• [Data to use]
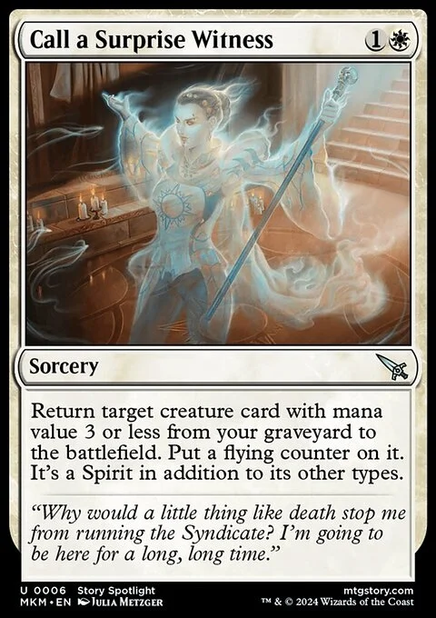 Return target creature card with mana value 3 or less from your graveyard to the battlefield. Put a flying counter on it. It's a Spirit in addition to its other types.
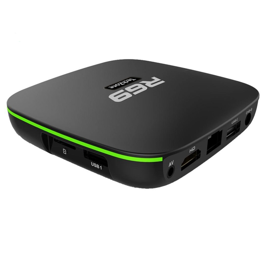 اندروید باکس Android box در واقع یک کامپیوتر کوچک قابل حمل است که روی آن سیستم عامل اندروید نصب شده است.اندروید باکسها به لحاظ امکانات همانند گوشیها یا تبلتهای اندرویدی عمل میکنند . اندروید باکس R69 از پورتهای HDMI ، USB، LAN, AV پشتیبانی میکند و همچنین قابلیت نصب کارت حافظه تا حجم 32 گیگا بایت را دارد. با این دستگاه تمام قابلیتهای یک کامپیوتر کوچک از قبیل انجام بازی ، وبگردی ، نمایش فیلم و عکس ، استفاده از همه نرم افزارهای شبکههای اجتماعی ، اتصال تلفنی از طریق Skype و … را خواهید داشت. این دستگاه دارای یک ریموت کنترل از راه دور است و اتصال آن به شبکه اینترنت هم از طریق پورت LAN و هم شبکه بی سیم انجام میشود. این محصول دارای پردازشگر چهار استه ای است و از سیستم عامل اندروید 7 پشتیبانی میکند. شما میتوانید با استفاده از این محصول از تماشای تصویری با کیفیت 1080و Full HD و 4K لذت ببرید. دستگاه R69 از 24 زبان زنده دنیا از جمله انگلیسی، فارسی، آلمانی، ژاپنی و ... پشتیبانی میکند. نرم افزار این دستگاه از فیلمهای3D نیز پشتیبانی میکند
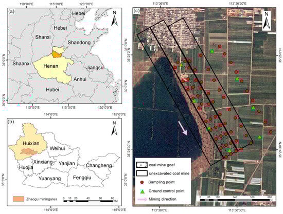Study area: (a) Henan province; (b) Xinxiang city and Zhaogu mining area; (c) the study area.
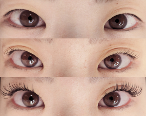 ラッシュリフトをかけてからエクステをつけるとによって目元がパッチリします。
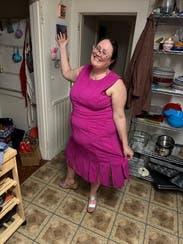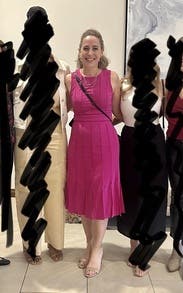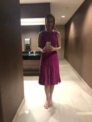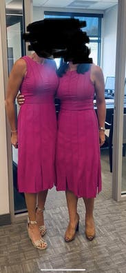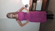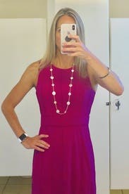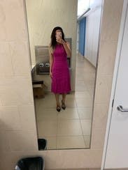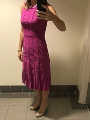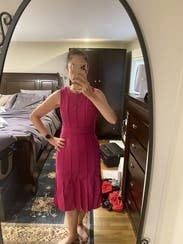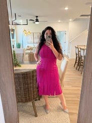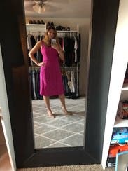 This dress was very cute but I just didn't love the material or the flappy ends. The color is a true magenta and it is very stretchy. A bit tight in the chest so you may need a helper to get the zipper up. Overall would wear for a different occasion but I ended up wearing my backup style for this.
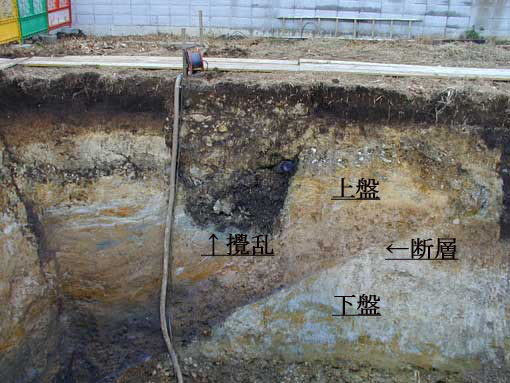 きれいに地層がずれている状況が確認できます。中央上部の黒い落ち込みは、近年掘られたゴミ穴です。
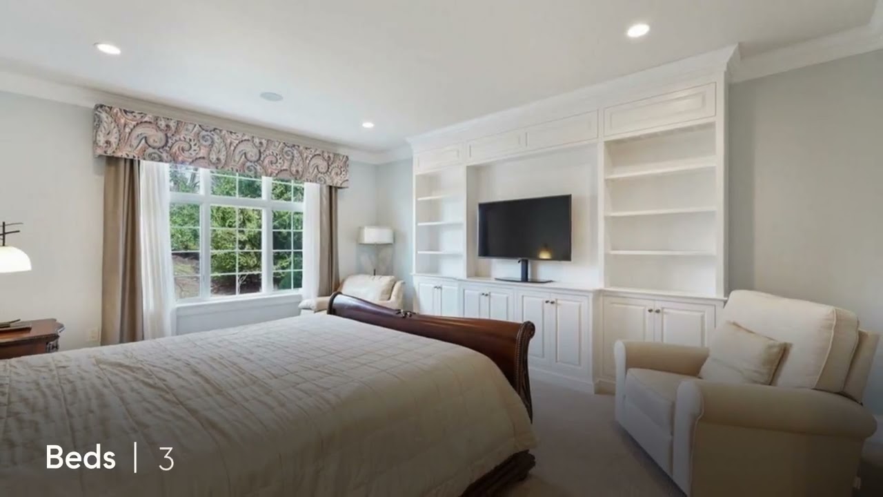 Enter via the pebble-glass-windowed front doors and you will immediately feel warmly welcomed by the natural light coming from the Palladium windows. The inviting foyer with grand, curved staircase, 9-foot ceilings, rich 4-inch hardwood floors; custom architectural millwork, Windsor arched entryways and French doors are a taste of the stately, custom features found throughout the home.
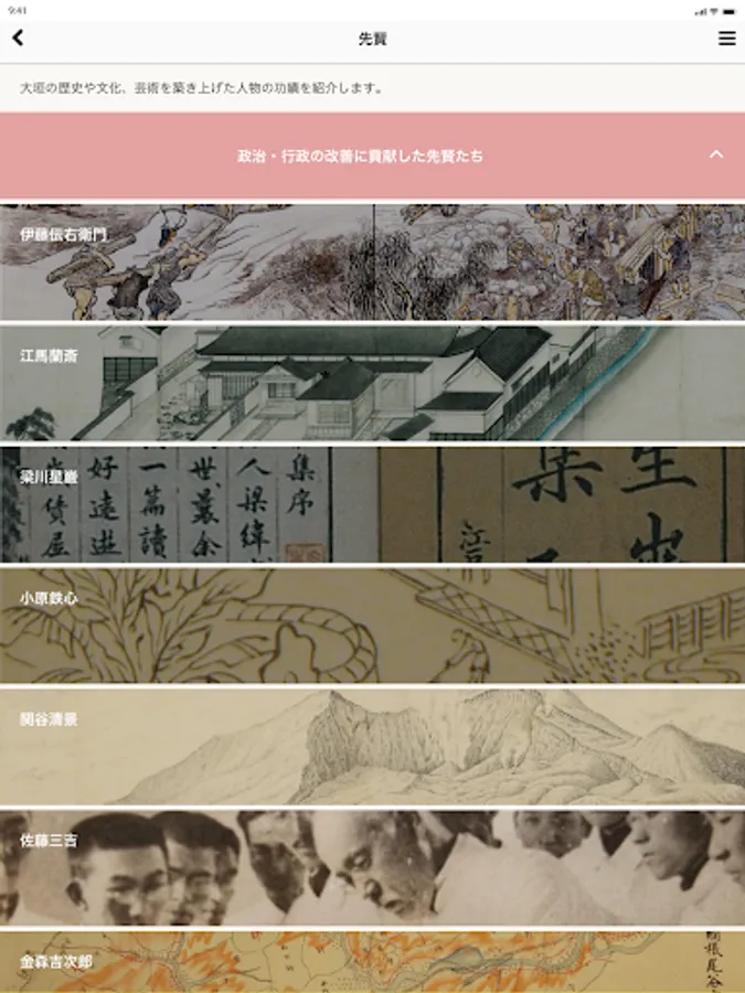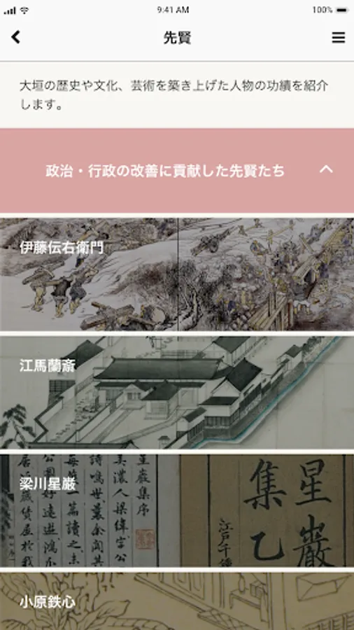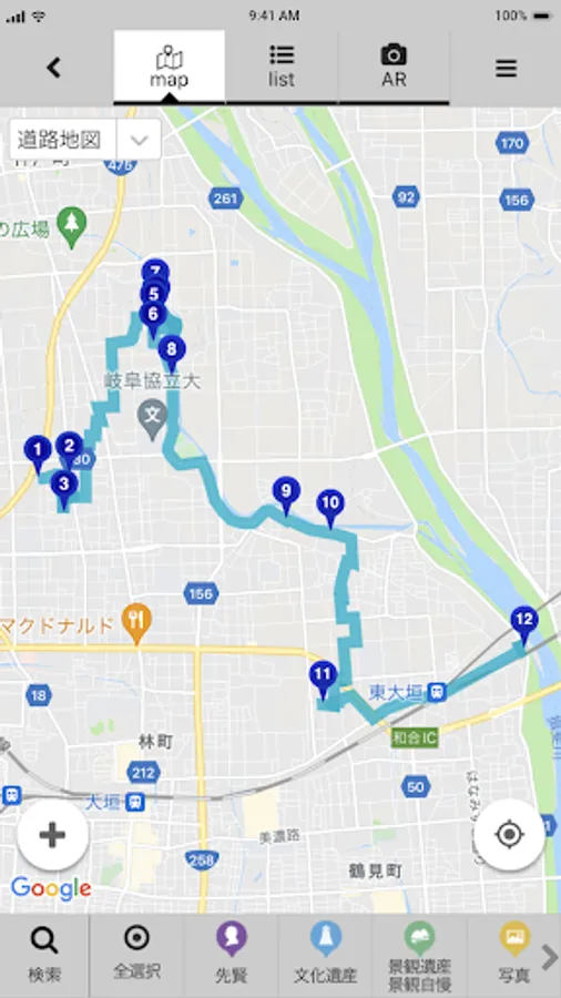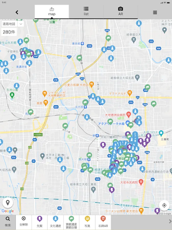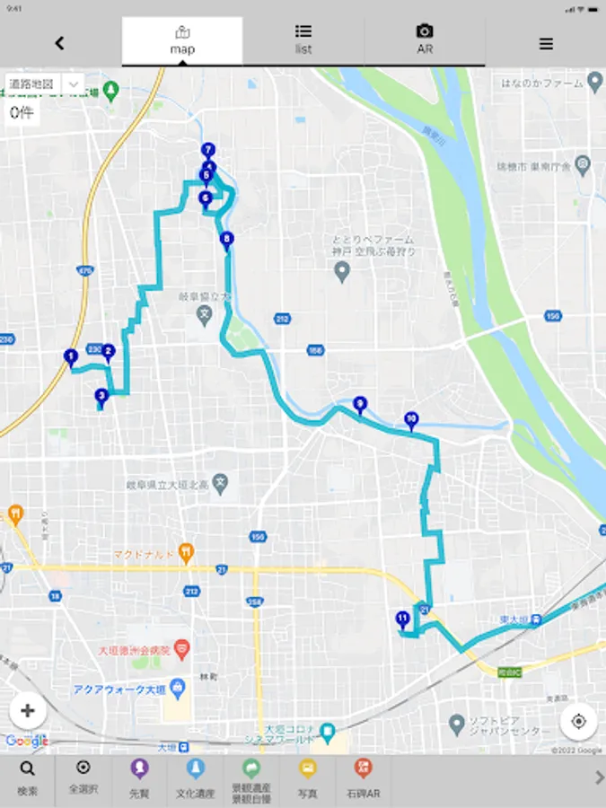 In this application, we will introduce these Ogaki heritage sites and guide you through the courses related to Ogaki heritage with the "model course function". It also has a "navigation" function that guides you to the desired point on a map or list. You can also use offline maps, so you can browse the maps even if you don't have an internet environment.

• [About this task] Be exact. Write out all the entries and omit the pictures.

• [Solved exercise]
 Return target creature card with mana value 3 or less from your graveyard to the battlefield. Put a flying counter on it. It's a Spirit in addition to its other types.
 اندروید باکس Android box در واقع یک کامپیوتر کوچک قابل حمل است که روی آن سیستم عامل اندروید نصب شده است.اندروید باکسها به لحاظ امکانات همانند گوشیها یا تبلتهای اندرویدی عمل میکنند . اندروید باکس R69 از پورتهای HDMI ، USB، LAN, AV پشتیبانی میکند و همچنین قابلیت نصب کارت حافظه تا حجم 32 گیگا بایت را دارد. با این دستگاه تمام قابلیتهای یک کامپیوتر کوچک از قبیل انجام بازی ، وبگردی ، نمایش فیلم و عکس ، استفاده از همه نرم افزارهای شبکههای اجتماعی ، اتصال تلفنی از طریق Skype و … را خواهید داشت. این دستگاه دارای یک ریموت کنترل از راه دور است و اتصال آن به شبکه اینترنت هم از طریق پورت LAN و هم شبکه بی سیم انجام میشود. این محصول دارای پردازشگر چهار استه ای است و از سیستم عامل اندروید 7 پشتیبانی میکند. شما میتوانید با استفاده از این محصول از تماشای تصویری با کیفیت 1080و Full HD و 4K لذت ببرید. دستگاه R69 از 24 زبان زنده دنیا از جمله انگلیسی، فارسی، آلمانی، ژاپنی و ... پشتیبانی میکند. نرم افزار این دستگاه از فیلمهای3D نیز پشتیبانی میکند
Study area: (a) Henan province; (b) Xinxiang city and Zhaogu mining area; (c) the study area.
 ラッシュリフトをかけてからエクステをつけるとによって目元がパッチリします。
 This dress was very cute but I just didn't love the material or the flappy ends. The color is a true magenta and it is very stretchy. A bit tight in the chest so you may need a helper to get the zipper up. Overall would wear for a different occasion but I ended up wearing my backup style for this.
 きれいに地層がずれている状況が確認できます。中央上部の黒い落ち込みは、近年掘られたゴミ穴です。
 Enter via the pebble-glass-windowed front doors and you will immediately feel warmly welcomed by the natural light coming from the Palladium windows. The inviting foyer with grand, curved staircase, 9-foot ceilings, rich 4-inch hardwood floors; custom architectural millwork, Windsor arched entryways and French doors are a taste of the stately, custom features found throughout the home.
 In this application, we will introduce these Ogaki heritage sites and guide you through the courses related to Ogaki heritage with the "model course function". It also has a "navigation" function that guides you to the desired point on a map or list. You can also use offline maps, so you can browse the maps even if you don't have an internet environment.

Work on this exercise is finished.